The Agriculture Minister, Antonio Cabrera, is one of the biggest landowners in Brazil. The fact that on all his 200,000 hectares he runs only 41,000 head of cattle suggests that he may also be a land speculator. He was reported by a Brazilian newspaper as having helped organize auctions to raise money for the Ranchers’ Union, the body responsible for the majority of the organized political killings in the Brazilian countryside. His brothers were campaign managers for the bid made by the president of the Ranchers’ Union to become president of the Republic.

In the face of these powerful interests there are a few brave politicians and civil servants prepared to defend the rural workers. Their lives are often as precarious as those of the peasant leaders.

In some places, through sheer doggedness, the peasants are winning their fight to stay on their lands, though often at the cost of blood and burnings. In the county of Rio Maria in the state of Para, the rural union has buried 17 members, including two presidents, since 1982, but is still fighting for the rights of the surviving peasants to stay where they are. Of one peasant family the mayor of the county complained that though gunmen “have already killed the father, have already killed two sons, these people still have the gall to mount the platform and abuse the ranchers. We’ll have to resolve this problem.”

The bravery of some peasant leaders is matched by that of pastors, lawyers and members of support groups such as the Comissao Pastoral da Terra and the Movimento dos Sem Terra, which shared a Right Livelihood Award last year. Human rights lawyers, often working for no more than subsistence, badger the police into releasing untried prisoners and the courts into recognising the peasants’ landholdings. Many have been killed or wounded, by gunmen hired by syndicates of ranchers, mayors, judges and police chiefs who, by commissioning jointly, can spread responsibility for these riskier killings.

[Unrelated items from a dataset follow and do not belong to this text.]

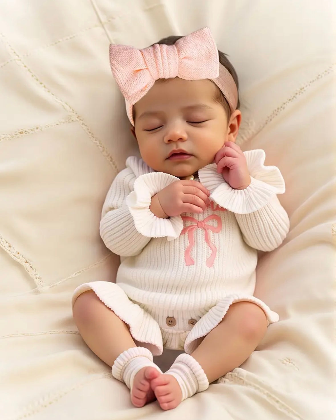 🤍 Newborn “She’s Here” Knit Romper with Bow Headband – Size Newborn
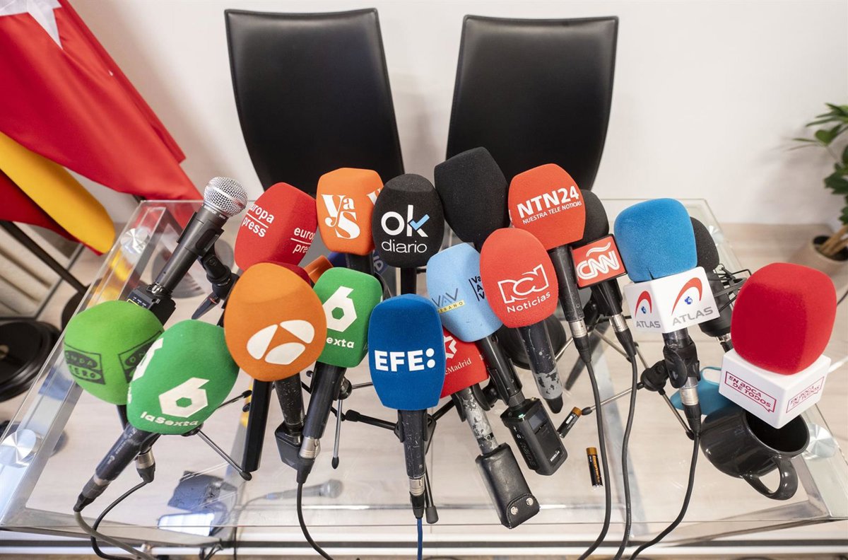 Archivo - Más de una decena de micrófonos de diferentes medios de comunicación durante una rueda de prensa, a 29 de agosto de 2024, en Madrid (España). - Alberto Ortega - Europa Press - Archivo
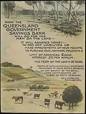 The Queensland Government Savings Bank was established by one of the earliest pieces of legislation enacted by the government of the new colony of Queensland in 1861. Intended to encourage small deposit saving by working people, savings banks could be established by the gazettal of an application by ten or more house or landholders in any community of more than 500 people. In 1864, the Government Savings Bank Bill provided a government guarantee to protect trustees and deposits and to allow depositors to easily transfer accounts from one town to another.[1]
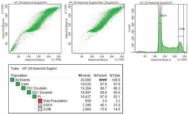 Human HT-29 colon cancer cells were stained with Hoechst 33342 and acquired on the BD FACSAriaIII equipped with a 375-nm laser (left dot plot). As a control, side population expression was blocked (right dot plot).
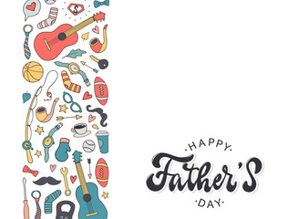 Father's day greeting card, poster, banner, print, invitation design. Decorative border from hand drawn doodles and space for text.
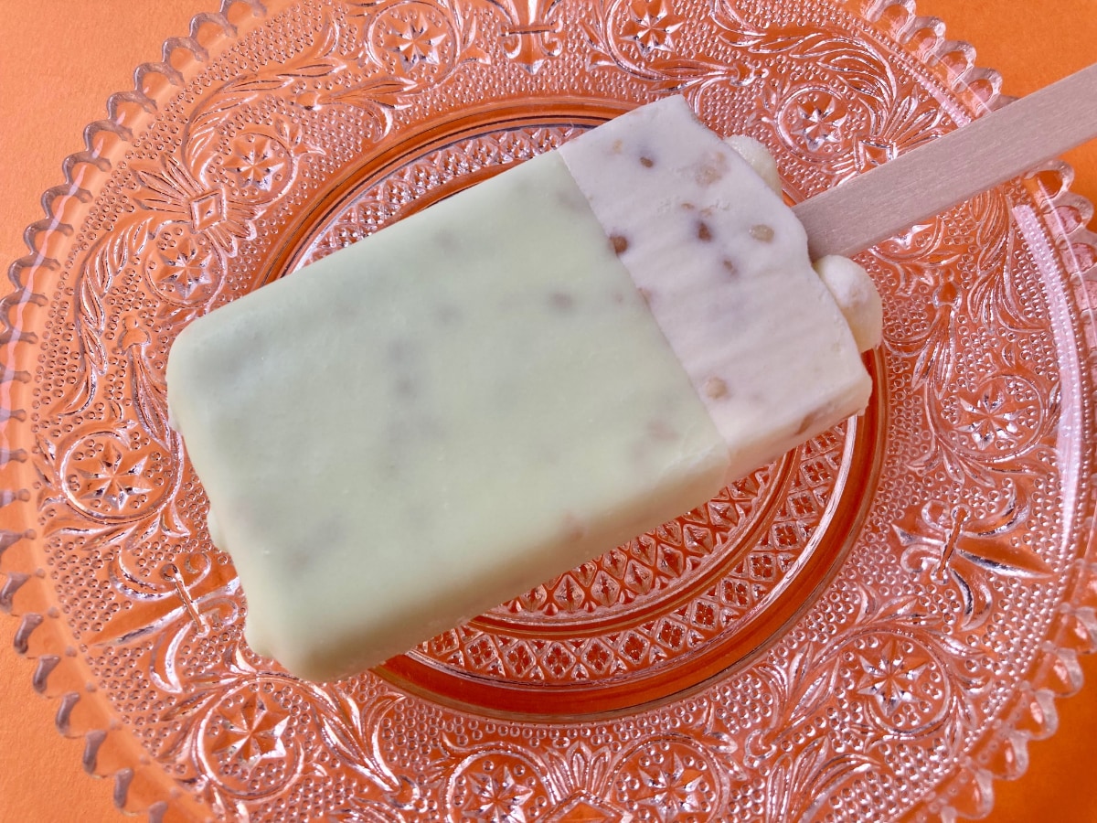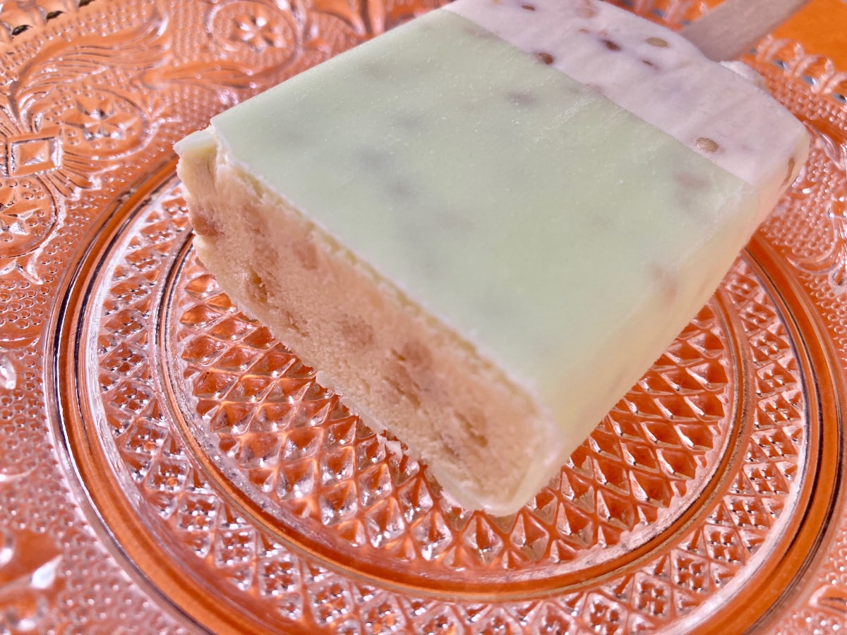 メロンらしいグリーンのコーティングが印象的なアイス。

The priests supporting the peasant movements are generally those teaching liberation theology. It is often they who point out to the villagers, confounded by generations of abasement before authority, that they need not do as the landlords tell them. As a result they too feature prominently on the deathlists. The Pope, a sworn enemy of liberation theology, has imposed a silence on its leading Brazilian advocate. In a recent visit to Brazil he condemned the “invasion of private property”: referring to the occupation of unproductive ranches by peasants, rather than the occupation of productive peasant lands by ranchers. His critics suspect that his natural conservatism is augmented by fears that the Catholic Church’s big funders – who in Brazil are the landowners – will move over to the rapidly growing, arch-conservative evangelical churches.

Successive Brazilian governments have promised widespread land reform, with no intention of doing anything but taking the wind out of the peasant movements’ sails. When land has been distributed it has been allocated not in the peasants’ home states but in colonisation sites in the Amazon, the dustbin of Brazil’s social policies. This fails to solve the problems of the peasants – as the Amazon is generally infertile and subject to even worse land disputes than their home states – and, of course, destroys the rainforest. The government’s land agency – the Institute for Colonisation and Agrarian Reform – is a contradiction in terms.

President Collor promised that he would institute an agrarian reform programme which would be “the biggest in the world,” promising to resettle 500,000 families. He asked the Agriculture Minister to implement it, so nothing has happened. The land agency, which needed an extra 5000 staff to carry out the programme, has instead been cut back. Only where the peasants themselves have seized back the land snatched from them by ranchers has any expropriation taken place since Collor came to power. 12,000 families are now camped under tarpaulins beside vast unproductive properties, in response to the promise he has determined not to fulfil. There they will stay, while the landlords and politicians accumulate yet more of the diminishing lands of the majority, and the press retains its murderous silence.